#### GOAL OF THE EXERCISE
Repeat each record exactly as written, and drop any images.

Data entries:
■ ■ ■ ■ ■

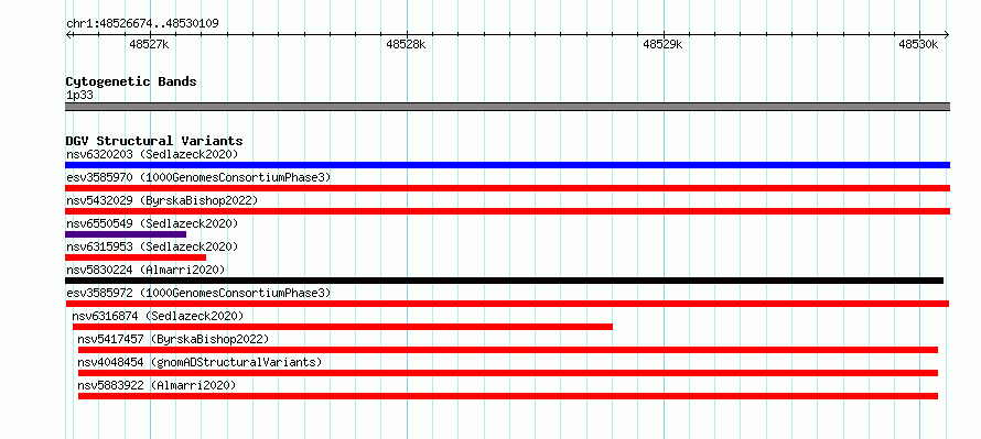 Variant DetailsVariant: esv3585972| Internal ID | 6973491 | | Landmark | | | Location Information | | | Cytoband | 1p33 | | Allele length | | Assembly | Allele length | | hg38 | 3436 | | hg19 | 3436 |
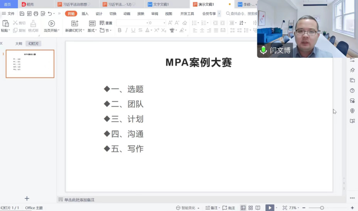 秋风习习,天朗气清。2022年11月15日16点30分,第七届全国研究生公共管理案例大赛报名动员会在MPA教育中心顺利举行。本次会议由MPA中心副主任李亚鹏老师主持,yl88858永利官网闫文博副经理、yl88858永利官网陈晓春副教授、MPA教育中心招生总监张明展老师、MPA2021级和MPA2022级全体同学参加了本次会议。
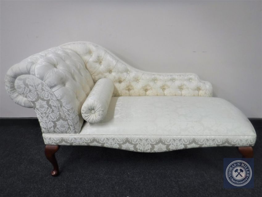 A contemporary chaise longue upholstered in a cream buttoned floral print
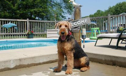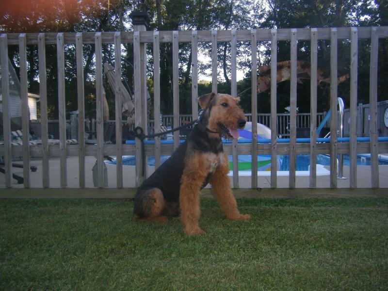 This is Duke. He is one of our AKC Oorang Airedale studs. Picture above was taken at 6 months of age and 70 lbs. Photos below were taken at 1 & 1/2 years old and over 100 lbs.. He is a gentle, laid back, lovable teddy bear.
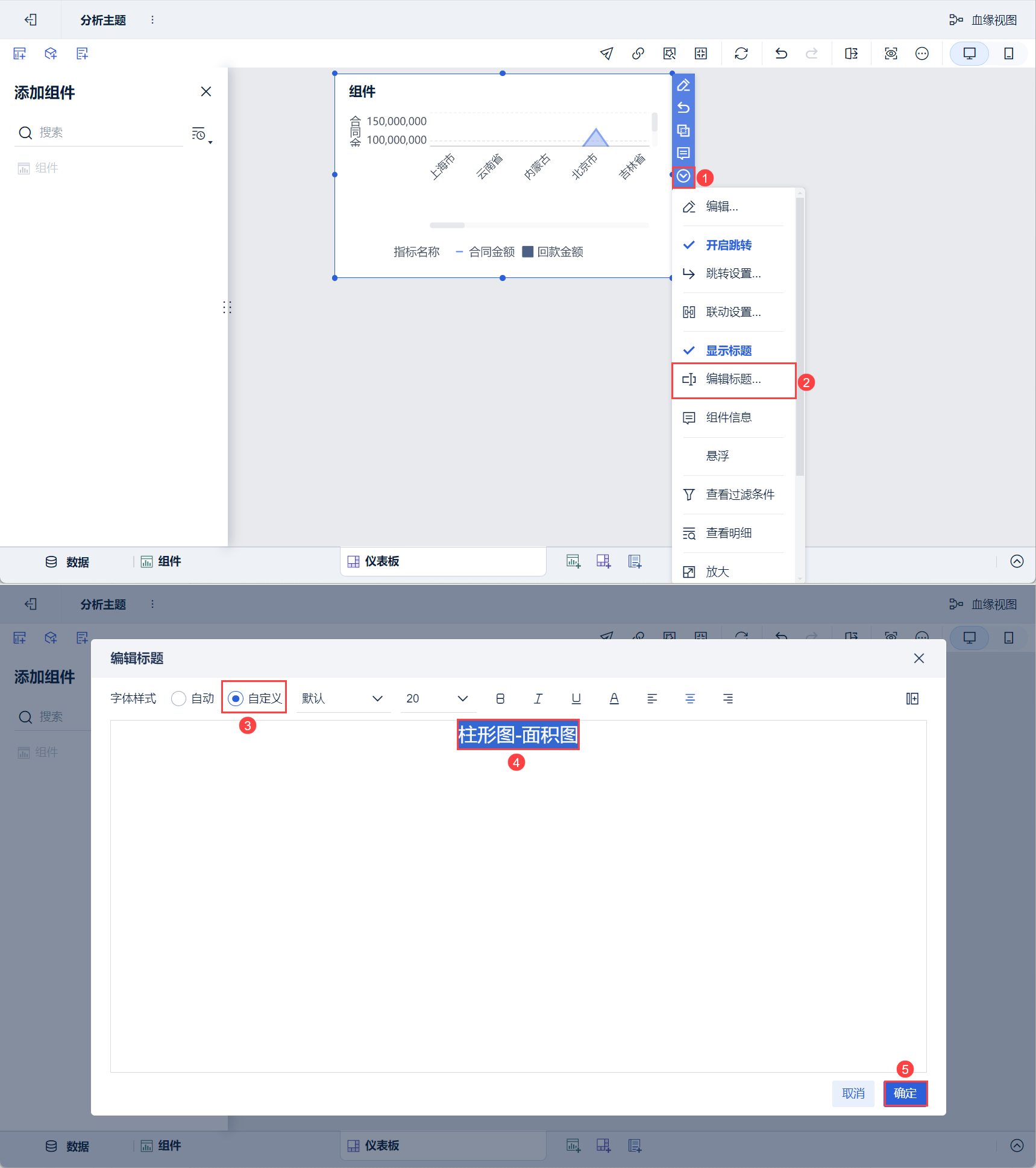 3)下拉选择「编辑标题」,样式选择「自定义」,设置标题为「柱形图-面积图」,点击「确定」。如下图所示:

■ ■ ■ ■ ■

#### EXPECTED OUTPUT
 Variant DetailsVariant: esv3585972| Internal ID | 6973491 | | Landmark | | | Location Information | | | Cytoband | 1p33 | | Allele length | | Assembly | Allele length | | hg38 | 3436 | | hg19 | 3436 |
 秋风习习,天朗气清。2022年11月15日16点30分,第七届全国研究生公共管理案例大赛报名动员会在MPA教育中心顺利举行。本次会议由MPA中心副主任李亚鹏老师主持,yl88858永利官网闫文博副经理、yl88858永利官网陈晓春副教授、MPA教育中心招生总监张明展老师、MPA2021级和MPA2022级全体同学参加了本次会议。
 A contemporary chaise longue upholstered in a cream buttoned floral print
 This is Duke. He is one of our AKC Oorang Airedale studs. Picture above was taken at 6 months of age and 70 lbs. Photos below were taken at 1 & 1/2 years old and over 100 lbs.. He is a gentle, laid back, lovable teddy bear.
 3)下拉选择「编辑标题」,样式选择「自定义」,设置标题为「柱形图-面积图」,点击「确定」。如下图所示:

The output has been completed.